You need to have transparent conversations with your business partners so that you can foresee mutual risks, mitigate disruptions and build more meaningful partnerships. You also need to go wider and deeper than a general credit evaluation. Even though such evaluations share DNA with financial health analyses, the latter incorporate other critical metrics: resiliency, growth potential, upside capacity and long-term value of a relationship. When you have that objective data, it makes conversations with your third parties stronger because you can influence their thinking or actions collaboratively and, ultimately, build a stronger supply chain. We believe that the most fundamental way to do that is by understanding their financials first, especially when it comes to private company suppliers.

How are you involved in RapidRatings’ strategy going forward?

I’m lucky to be at a company where I’m not only valued for the traditional CFO expertise I bring to the table, but also my ability to influence the forward trajectory of the business. At RapidRatings, we have a very collaborative and hands-on culture, and I often find myself deeply immersed in strategic discussions with sales, operations and product, as well as my CEO.
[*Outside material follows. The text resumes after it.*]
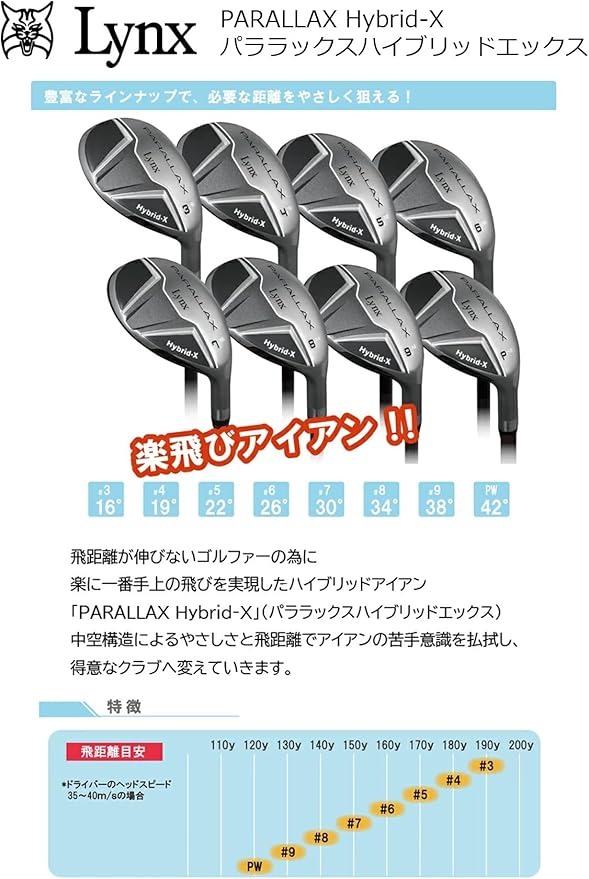 単品販売(バラ売り) ※画像はセットを使用しております。スペック等をご確認ください。 ※セット販売はございません。 飛距離が伸びないゴルファーの為に、楽に一番手上の飛びを実現した ハイブリッドアイアン「PARALLAX Hybrid-X」(パララックスハイブリッドエックス) 中空構造によるやさしさと飛距離でアイアンの苦手意識を払拭し、得意なクラブへ変えていきます。 アイアンは重心深度が浅い為、ボールを上げるにはパワーが必要ですが ユーティリティー形状は重心深度が深い為、やさしくキャリーを伸ばすことができます。 ・ラウンドソール、広いスイートエリア あらゆるアンジュレーションに対応できるラウンドソール形状を採用しました。 地面との摩擦抵抗を大幅に抑え、安定したショットが可能になります。 ・ソールがすべる! 通常のアイアンはダウンブローに打つのでダフったりトップしたりミスショットが出やすいですが、 ハイブリッド形状はレベルブローに打てるのでミスが出にくいです。 さらにリーディングエッジが丸くソールが広いので、ラフからのショットに効果があります。

We are in the business of helping our clients assess risk among their third-party suppliers and other business partners through financial insight. As such, we are often focused on how we solve the strategic challenges facing CFOs at organizations, regardless of how big they are or where they are located.

Can you describe why you are passionate about how the role of the CFO has evolved, particularly in light of Covid-19?

I think this year has inherently expanded most people’s field of vision when it comes to risk. Regardless of your trade or role, pervasive uncertainty has meant a somewhat constant anxiety — forcing each of us to imagine new scenarios beyond our more everyday responsibilities. Yet, one thing about uncertainty is it can usually be expressed through numbers. Even risk itself can be quantified. And that’s a natural starting place for any finance chief.

Our native language of digits and ledgers and models is, in fact, the language of risk. And in today’s environment where everyone’s risk point of view has changed, it’s not only incumbent upon us to speak that language, but also to teach it.

Realize that risk language can be read backwards, too. Just as the numbers can indicate liabilities, exposures and perils, they can also indicate opportunities, growth and health. Ultimately, the numbers require interpretation. They don’t, themselves, narrate — they reflect. It’s incumbent on us to interpret both the risks and opportunities, so that businesses can understand what’s ahead.

Any other aspects of your role or experience in the field you would like to share?

Like most CFOs, I take pride in being a trusted business partner to my CEO, and I find that has served me well over many years. Part of that is flexing into a role that truly supports and fosters an understanding of not only our risk exposures and profile but also enterprise health across the board — through the lens of financials.

These concepts, wherever they’re expressed in the business’ risk and health, aren’t enemies — they’re fraternal twins. Neither is isolated to a single department. If there is deterioration in one area of the business, however acutely, other departments will have to compensate with time, talent or other resources.

Conversely, when performance is collectively good, there’s more capital available for R&D, ESG, cyber, compliance and other investments. Financial health is foundational and it’s dependent on collaboration. The core of successful collaboration is speaking the same risk language.